Your instructions:
Under this line are the records; repeat exactly the lines starting at the one containing "OTBT Vagabond Chestnut" and ending at the one containing "A pair of Liberty", omitting pictures.
▼
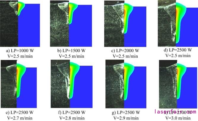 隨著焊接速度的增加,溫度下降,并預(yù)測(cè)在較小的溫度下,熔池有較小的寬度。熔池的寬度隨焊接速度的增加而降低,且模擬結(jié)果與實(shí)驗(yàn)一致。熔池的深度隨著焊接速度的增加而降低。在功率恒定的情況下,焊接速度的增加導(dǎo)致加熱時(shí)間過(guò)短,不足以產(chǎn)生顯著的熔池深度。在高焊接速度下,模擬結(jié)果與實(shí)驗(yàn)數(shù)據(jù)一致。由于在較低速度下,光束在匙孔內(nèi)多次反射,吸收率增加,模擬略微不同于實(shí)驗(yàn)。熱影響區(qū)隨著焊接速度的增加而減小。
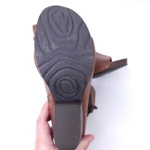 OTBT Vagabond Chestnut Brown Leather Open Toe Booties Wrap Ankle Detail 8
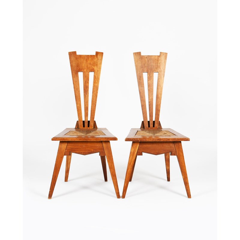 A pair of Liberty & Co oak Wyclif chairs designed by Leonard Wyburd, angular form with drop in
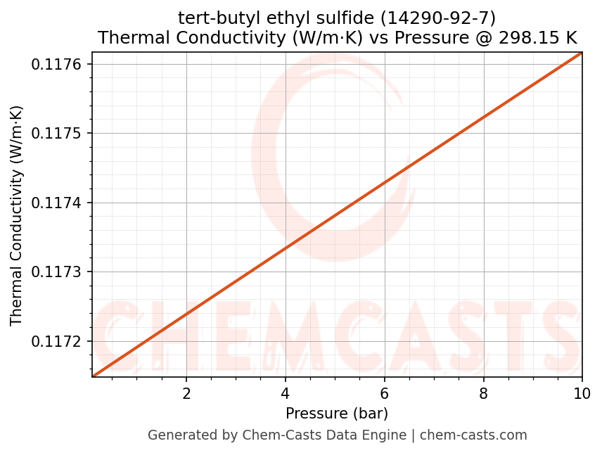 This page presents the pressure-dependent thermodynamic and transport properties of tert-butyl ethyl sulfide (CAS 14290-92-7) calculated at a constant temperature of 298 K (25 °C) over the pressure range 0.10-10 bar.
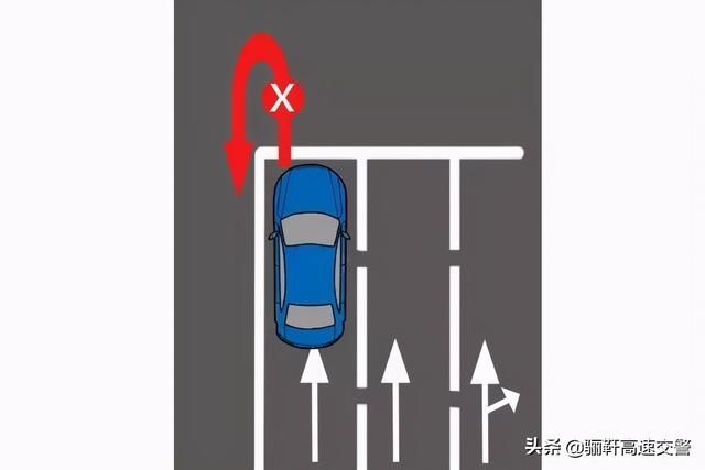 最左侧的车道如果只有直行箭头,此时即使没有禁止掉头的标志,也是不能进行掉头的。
▲
Result of this exercise:
 OTBT Vagabond Chestnut Brown Leather Open Toe Booties Wrap Ankle Detail 8
 A pair of Liberty & Co oak Wyclif chairs designed by Leonard Wyburd, angular form with drop in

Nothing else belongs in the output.